Joint Commission International accreditation is the baseline standard. JCI applies the same 1,200 global healthcare standards used by the Joint Commission to accredit US hospitals, with surveys every three years. Mexico has approximately nine JCI-accredited hospitals, including Médica Sur in Mexico City, which holds accreditation since 2014 and membership in the Mayo Clinic Care Network. Colombia’s Fundación Santa Fe de Bogotá was ranked the number one orthopedic program in Latin America by Newsweek/Statista in 2025. Complication rates for standardized procedures at high-volume JCI-accredited centers are comparable to US rates, typically under 2 percent for joint replacement.

ERISA does not restrict a self-funded plan from covering care at international facilities.

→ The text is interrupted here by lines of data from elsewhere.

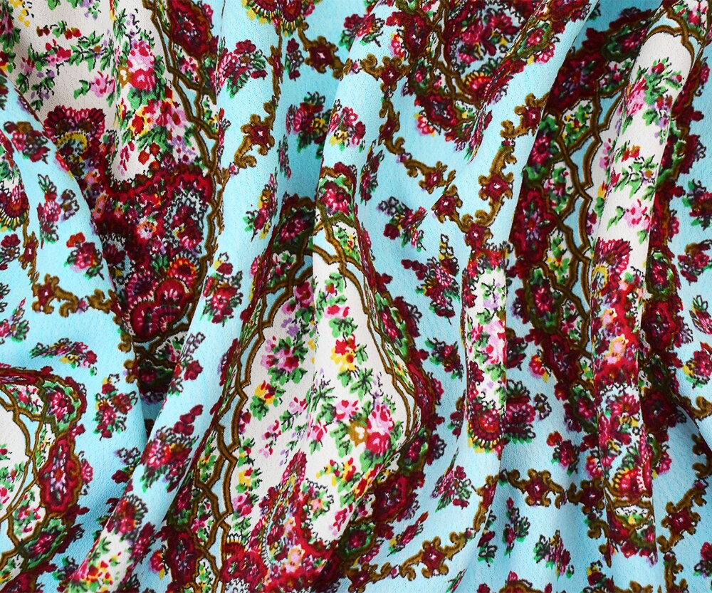 Blue-Red-Multi Floral Frame Trellis Printed Rayon Crepe Faille Fabric By the Yard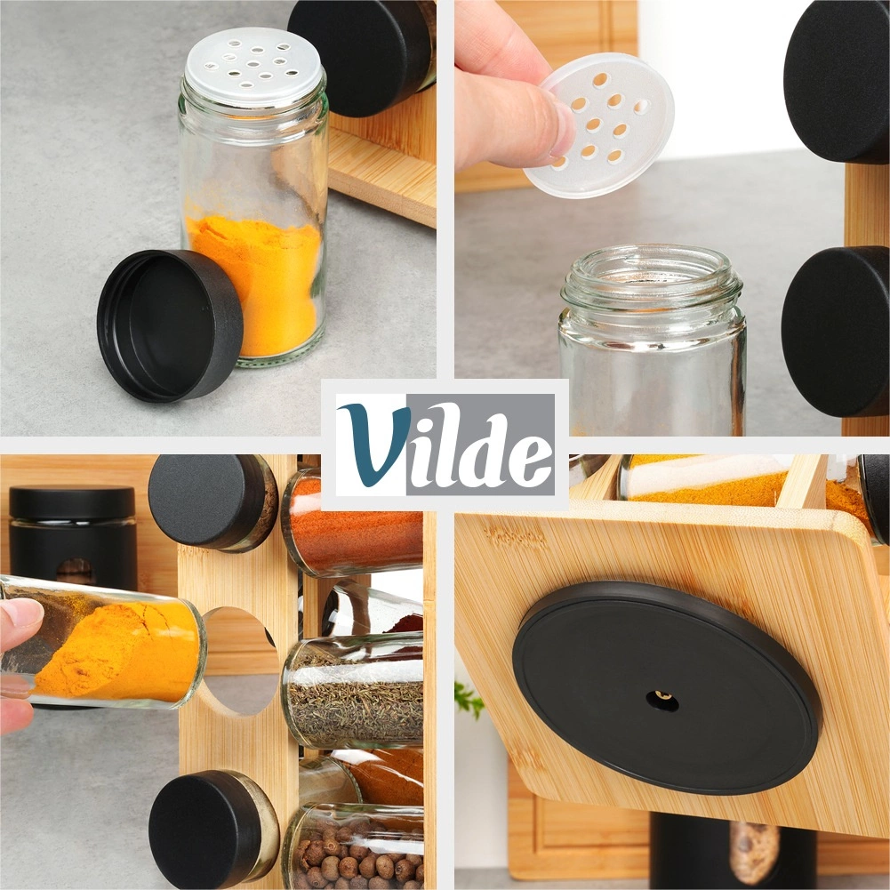 Stalak od bambusova drva je stabilan i elegantan. Prozirne staklene posudice s crnim poklopcima izdržljive su i bez poklopaca prikladne za perilicu posuđa.
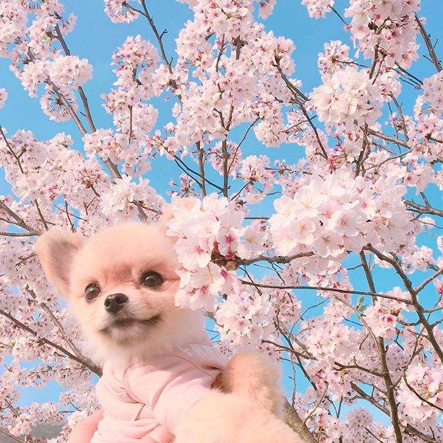 13、可开的小狗肯定与满树盛开粉色的樱花更配啦!粉嫩的樱花衬托得小狗更娇嫩可爱了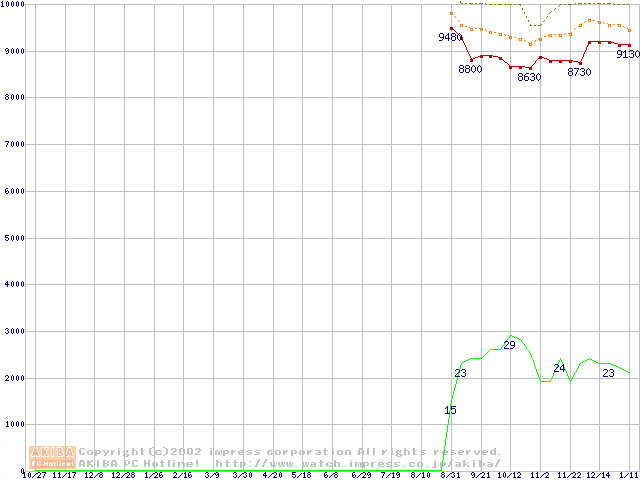 DiamondMax Plus 8 (7200rpm,2MB,UltraATA/133,FDB)の最安値推移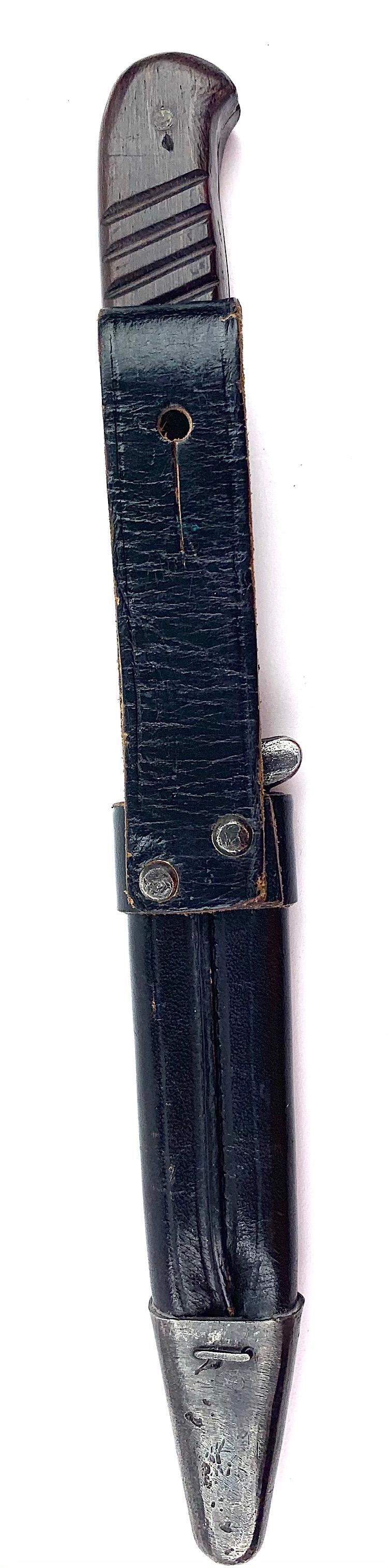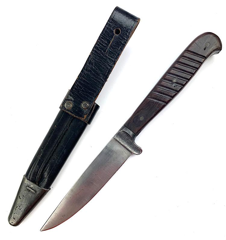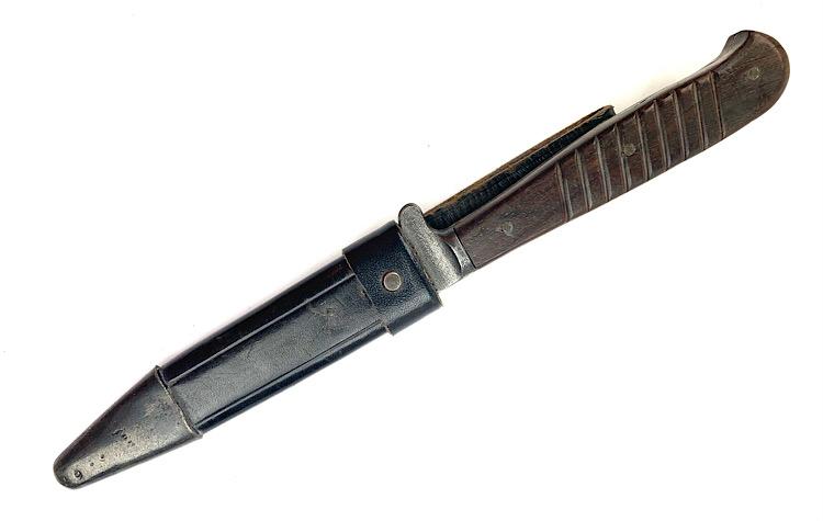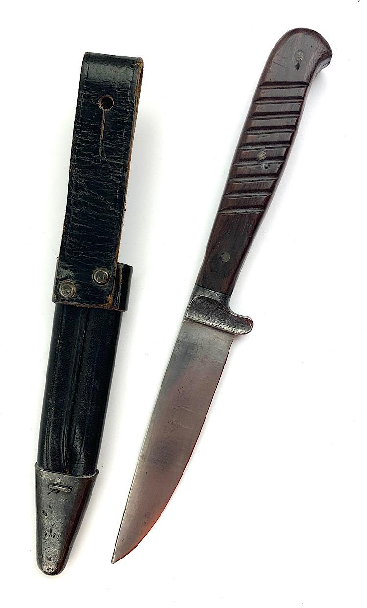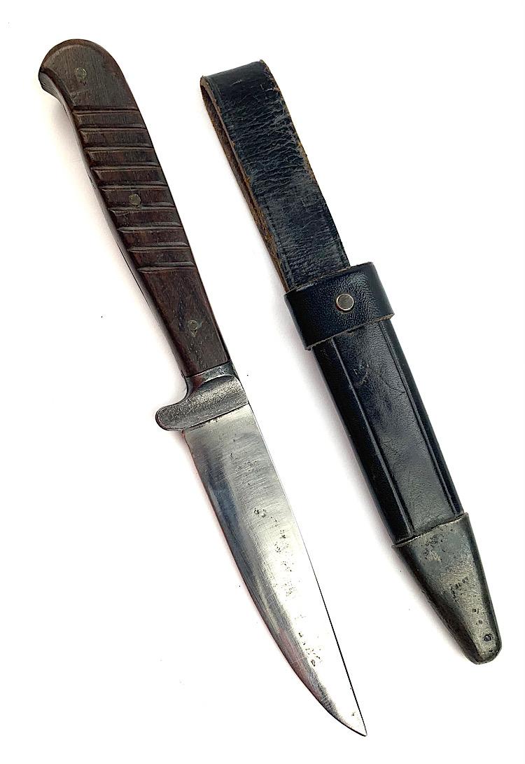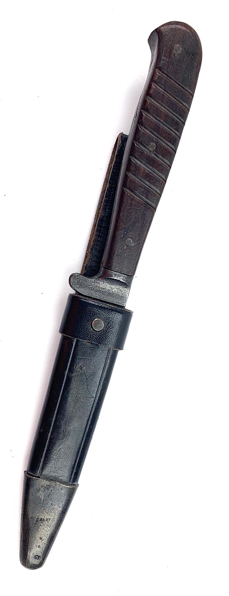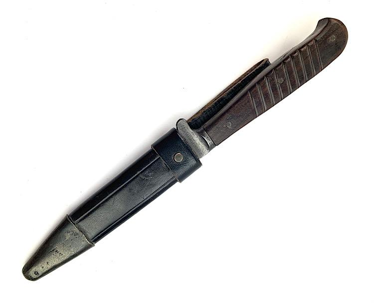 German WW1/WW2 Close Combat Knife Probably a privat purchased German WW1/WW2 close combat knife in nice leather scabbard Overal a very nice close combat knife in used but very good condition.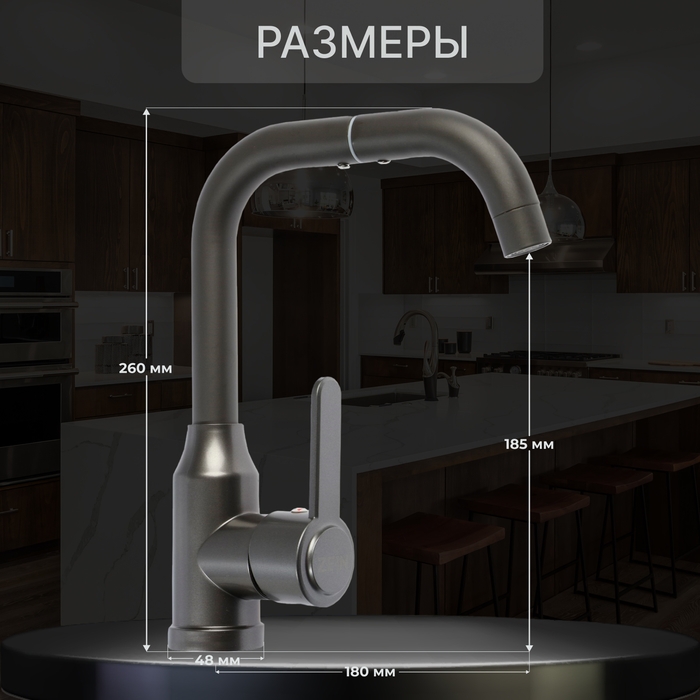 Смеситель для кухни ZEIN Z3703, поворотный излив высотой 20 см, ABS-пластик, графит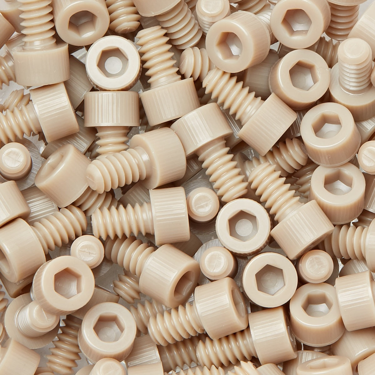 Imperial PEEK GF30 (SHCS) Socket Cap Screws - UNC (ASME B18.3), available in thread sizes from 2-56 to 1/4-20 and lengths from 3/16" to 1", are made from 30% glass fiber-reinforced Polyether Ether Ketone (PEEK). These screws offer exceptional mechanical strength, thermal stability, and chemical resistance, making them ideal for a wide range of demanding applications across aerospace, chemical processing, electronics, medical devices, and automotive industries. The combination of durability, lightweight nature, and resistance to harsh conditions ensures that PEEK GF30 socket cap screws provide reliable and long-lasting performance in critical environments.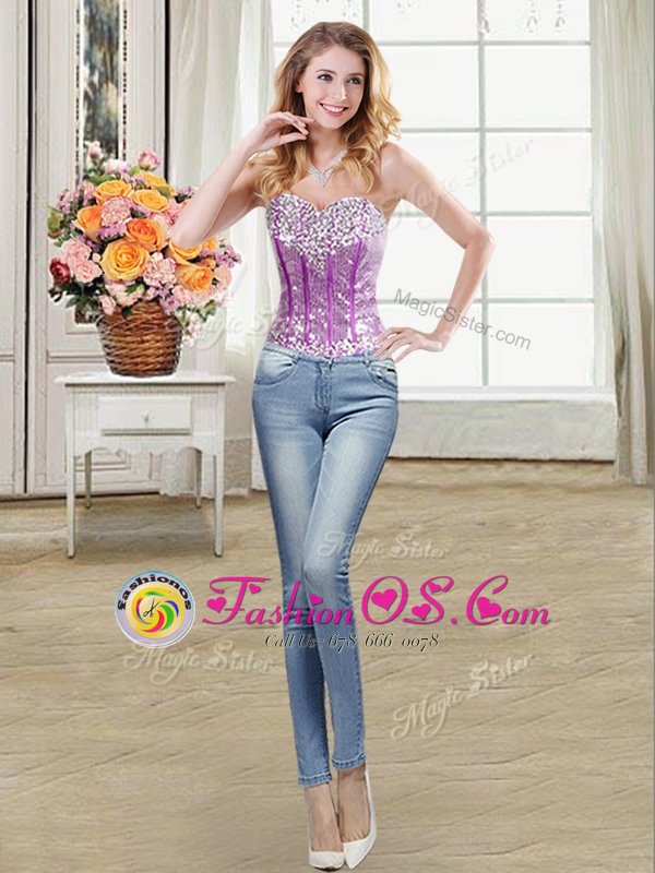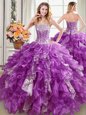 Home >  Quinceanera Dresses >  Detachable Quinceanera Skirts > Four Piece Purple Organza Lace Up Sweetheart Sleeveless Floor Length Sweet 16 Dress Beading and Ruffles and Sequins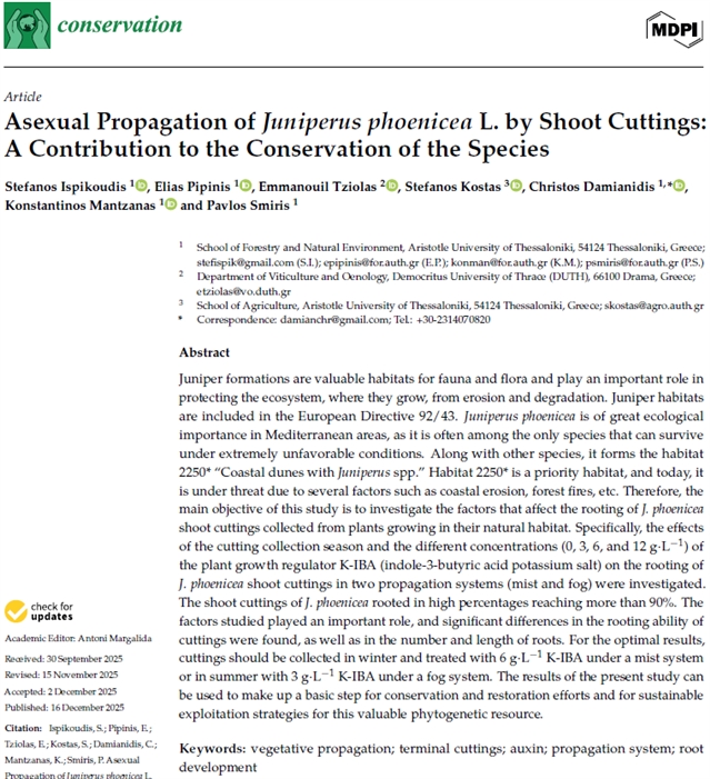 腓尼基刺柏(Juniperus phoenicea L.)嫩枝扦插无性繁殖技术研究:一项物种保护实践

If the plan document specifies covered services to include care at accredited international facilities, the care is covered. ERISA preemption also means that any state law attempting to restrict coverage to in-state facilities would not bind a self-funded plan.

The operational requirements exceed domestic steering in complexity. The TPA must provide navigation that covers travel coordination, recovery logistics, and support throughout the member’s stay. Complication protocols must be written before the first patient travels, specifying information transfer requirements, financial responsibility for follow-up care, and pre-arranged relationships with US providers who will accept transferred care. Benefit design typically waives member cost sharing entirely for designated international procedures. For a 25-person plan with one qualifying procedure per year, implementation costs run $3,000 to $5,000 against gross procedure savings of $20,000 to $35,000.